Samsung is releasing a tablet, the Galaxy Tab 3, just for kids. It is being rolled out in South Korea and possibly the UK, India and Africa before making its way to the US market.
With technology pieces being produced specifically for children, the ability to advance the Gospel to younger people increases as well. Hence why we have begun developing church-friendly, Bible-rich digital ministry initiatives like Incredible Islands and Bible App for Kids.
But on the other side of the debate psychologists and parents contend that too much technology introduced at too young an age is bad for kids. There is an outcry that screen time of any sort is detrimental to infant, toddler, and elementary aged children’s cognitive and social—and in some cases, physical—development.
Japan is planning to introduce “fasting” camps for youth meant to “detox” or break them from Internet addiction, which is being blamed for causing sleeping and eating disorders as well as depression in young people.
Since we are raising the first generation of digital natives, they are basically an experiment.
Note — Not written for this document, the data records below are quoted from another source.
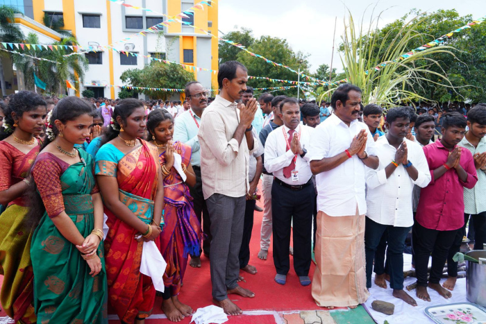 Our honorable Chairman, Sevai Semmal Dr. M. Sivasubramaniam, graciously inaugurated the vibrant Pongal celebrations on 13th January 2026. The festivities commenced with the traditional preparation of Pongal, where students from all departments actively took part, symbolizing unity, gratitude, and joy.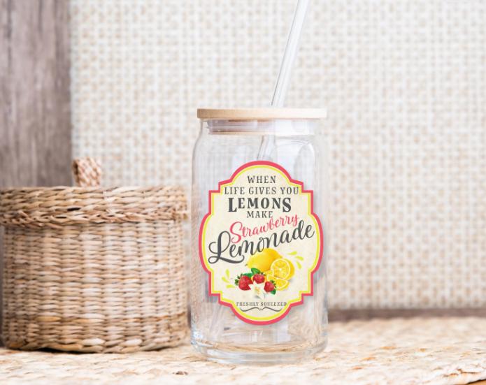 Our "When Life Gives You Lemons Make Strawberry Lemonade" glass cup is a perfect gift! Essential for all your favorite iced coffee, smoothies, and cold drinks! Perfect for sipping your favorite beverages in style. Crafted from high-quality glass, this glassware not only exudes sophistication but also offers a unique way to express yourself. Explore other glass designs at www.delightfulcreationsaz.com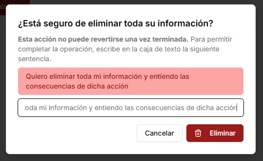 Haga clic en el botón de Eliminar organización. Un diálogo aparecerá para confirmar la operación. Léalo detenidamente. Para poder activar el botón, deberá escribir el mensaje solicitado en la caja de texto del diálogo.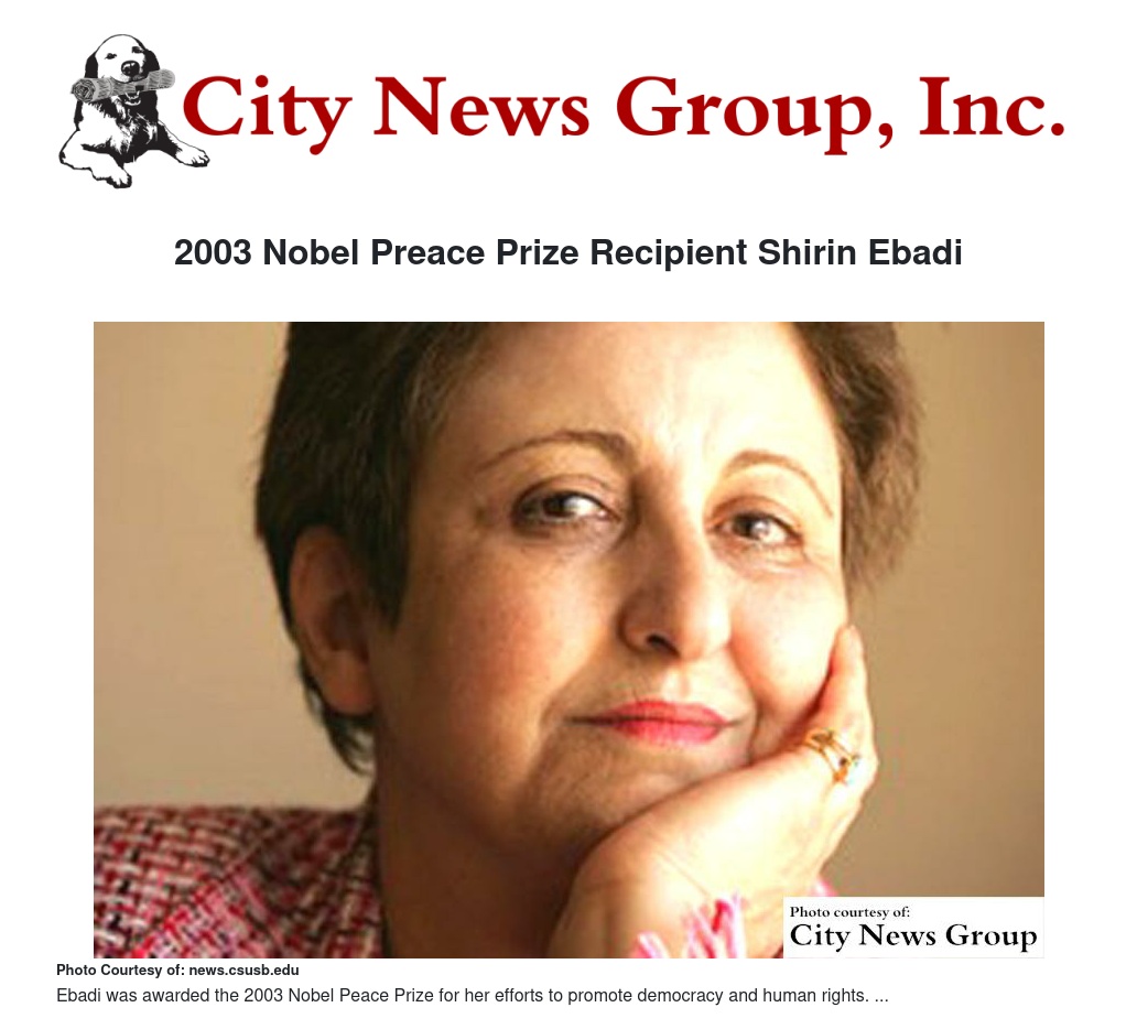 The 2003 Nobel Peace Prize recipient Shirin Ebadi, the first Muslim woman and first Iranian to receive the award, will discuss “Ways to Fight Islamic Fundamentalism” on Thursday, Oct. 22 during her lecture hosted by the Center for Islamic and Middle Eastern Studies at California State University, San Bernardino.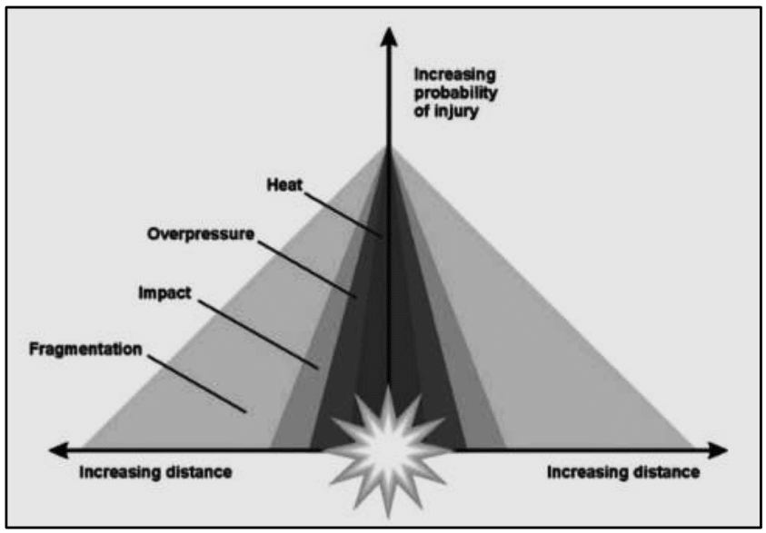 Figure 5 Probability of injury according to distance from the blast epicenter. Source, modified from: Emergency War Surgery: 5th edition United States Revision.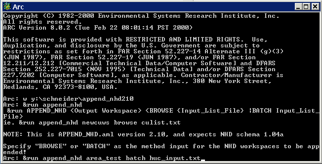 Aml stands for Arc Macro Language. Macros are used in GIS as they are used in any other program, to simplify processing and to perform calculations and other activities that would otherwise be too time consuming. The Append_NHD version 2.10 does exactly this. It simplifies the connection and integration of adjacent NHD workspaces. As mentioned above, the NHDinArc presents data for each 8-digit Cataloging Units (CUs) created by the USGS. However, it is sometimes necessary or desirable to deal with data on a larger scale, such as run a network trace for an entire watershed and not just one HUC unit.

We won’t know about lasting effects of technology until more time has passed.
What we do know is that, for better or for worse, kids are increasingly immersing in the technology pool at younger and younger ages. That is why we have placed a significant focus on developing digital ministry tools to support parents and churches by providing them with quality, age-appropriate, Scripture-rich content that is a good digital option for kids to engage with.
Kevin Kelley, author of “What Technology Wants” describes the dynamic pull of technology as, “The technium also wants what every living system wants: to perpetuate itself, to keep itself going. And as it grows, those inherent wants are gaining in complexity and force”.
Technology itself isn’t evil. It’s simply a tool, and a very mesmerizing, captivating tool at that. But it won’t monitor itself, and children aren’t yet equipped to self-supervise or restrict themselves in this arena. Parents, partnered with Christian influencers in the Church, need to work on becoming more intentional about helping kids learn to be smart and safe digital citizens. Good parenting—with great Church support—ought to guide what healthy technology boundaries look like.
Kelly, Kevin. What Technology Wants. New York: Viking Penguin, 2010. Print.